▸ **Saved data entries**
·····
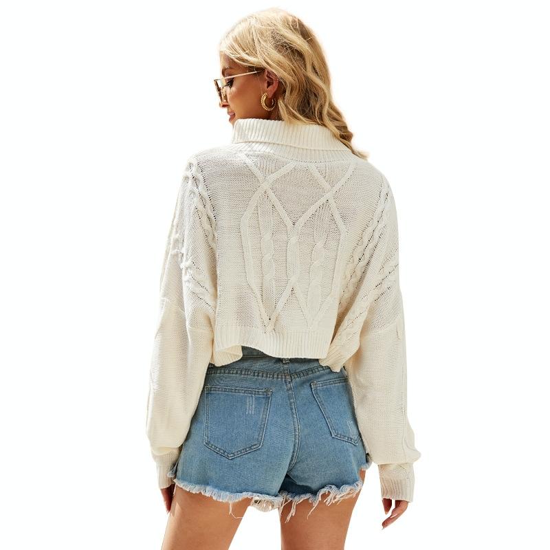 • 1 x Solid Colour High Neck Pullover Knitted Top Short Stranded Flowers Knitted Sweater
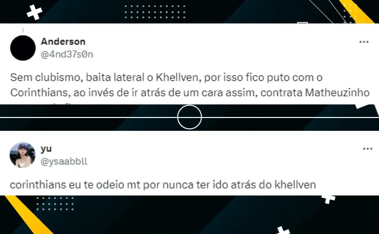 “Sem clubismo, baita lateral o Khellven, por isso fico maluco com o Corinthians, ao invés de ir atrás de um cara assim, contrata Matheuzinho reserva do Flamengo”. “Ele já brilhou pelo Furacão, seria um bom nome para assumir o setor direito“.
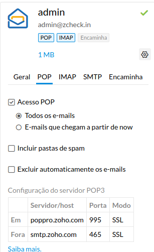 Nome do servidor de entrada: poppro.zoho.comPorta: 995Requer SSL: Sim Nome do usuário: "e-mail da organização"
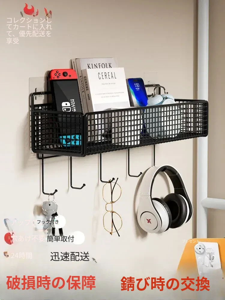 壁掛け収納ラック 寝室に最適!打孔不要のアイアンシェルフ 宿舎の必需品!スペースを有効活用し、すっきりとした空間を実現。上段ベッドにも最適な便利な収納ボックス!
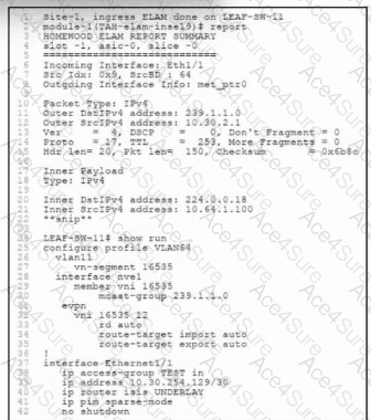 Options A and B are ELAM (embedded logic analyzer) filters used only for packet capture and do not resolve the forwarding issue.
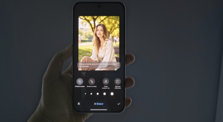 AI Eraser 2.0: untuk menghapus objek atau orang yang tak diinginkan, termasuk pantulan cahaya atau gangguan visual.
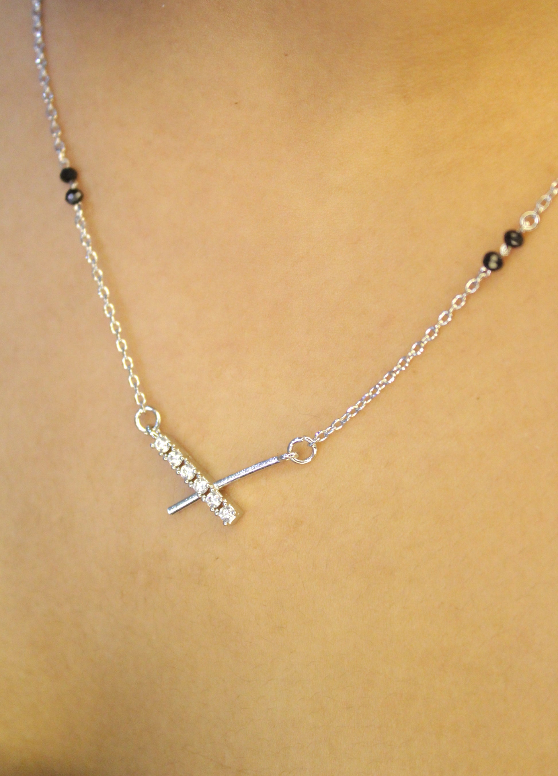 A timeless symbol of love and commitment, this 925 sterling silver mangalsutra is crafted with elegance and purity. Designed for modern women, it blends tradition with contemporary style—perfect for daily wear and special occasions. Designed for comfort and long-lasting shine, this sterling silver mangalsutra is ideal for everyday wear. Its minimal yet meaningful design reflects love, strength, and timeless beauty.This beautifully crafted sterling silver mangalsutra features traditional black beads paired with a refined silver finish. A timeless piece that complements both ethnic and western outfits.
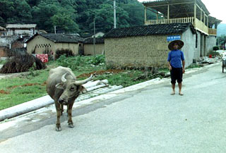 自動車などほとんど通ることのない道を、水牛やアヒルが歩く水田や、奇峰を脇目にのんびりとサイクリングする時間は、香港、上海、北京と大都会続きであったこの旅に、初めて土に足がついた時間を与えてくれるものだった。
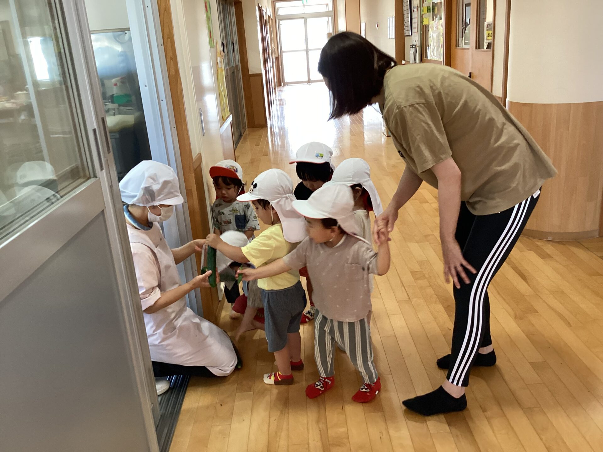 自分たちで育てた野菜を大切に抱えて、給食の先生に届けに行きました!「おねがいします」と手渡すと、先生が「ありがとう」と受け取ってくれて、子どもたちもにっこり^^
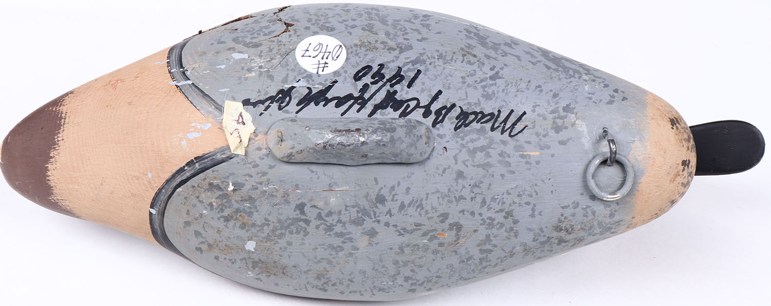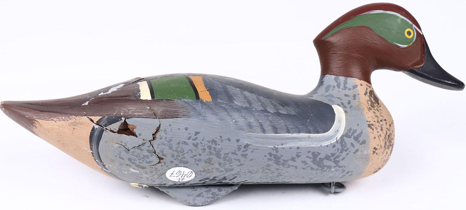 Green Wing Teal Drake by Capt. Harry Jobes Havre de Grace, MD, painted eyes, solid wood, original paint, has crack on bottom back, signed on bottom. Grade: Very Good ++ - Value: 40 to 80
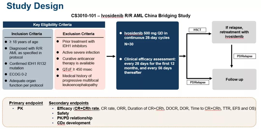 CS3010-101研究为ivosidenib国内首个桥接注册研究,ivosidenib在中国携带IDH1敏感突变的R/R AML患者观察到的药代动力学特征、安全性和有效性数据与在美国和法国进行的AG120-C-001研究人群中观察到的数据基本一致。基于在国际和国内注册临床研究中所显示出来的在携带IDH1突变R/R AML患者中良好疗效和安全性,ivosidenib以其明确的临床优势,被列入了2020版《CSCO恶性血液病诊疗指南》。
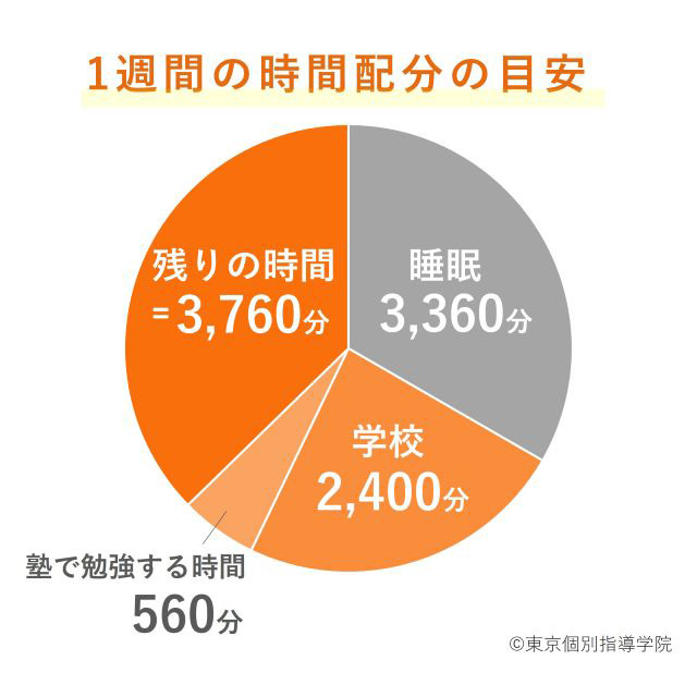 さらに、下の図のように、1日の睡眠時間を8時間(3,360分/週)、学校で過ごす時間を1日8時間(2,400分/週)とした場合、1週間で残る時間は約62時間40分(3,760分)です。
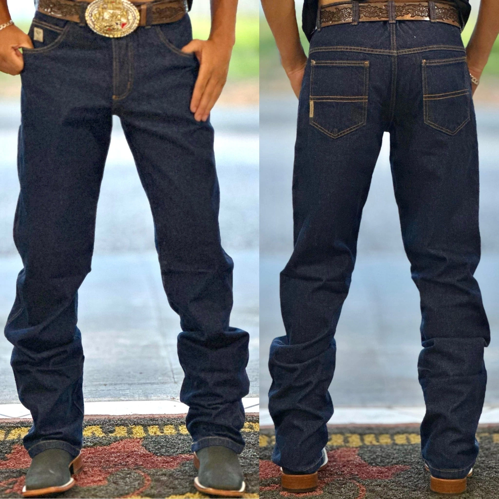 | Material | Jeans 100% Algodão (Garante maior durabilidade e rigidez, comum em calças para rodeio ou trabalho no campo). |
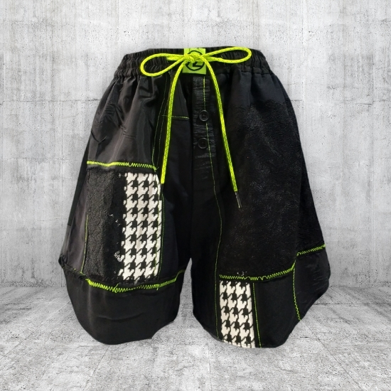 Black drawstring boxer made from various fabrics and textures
·····
All lines from the one containing "no campo). |" to the end of the entries should appear in the output exactly as written, with no pictures.

▸ **OUTPUT OF THE TASK**
 | Material | Jeans 100% Algodão (Garante maior durabilidade e rigidez, comum em calças para rodeio ou trabalho no campo). |
 Black drawstring boxer made from various fabrics and textures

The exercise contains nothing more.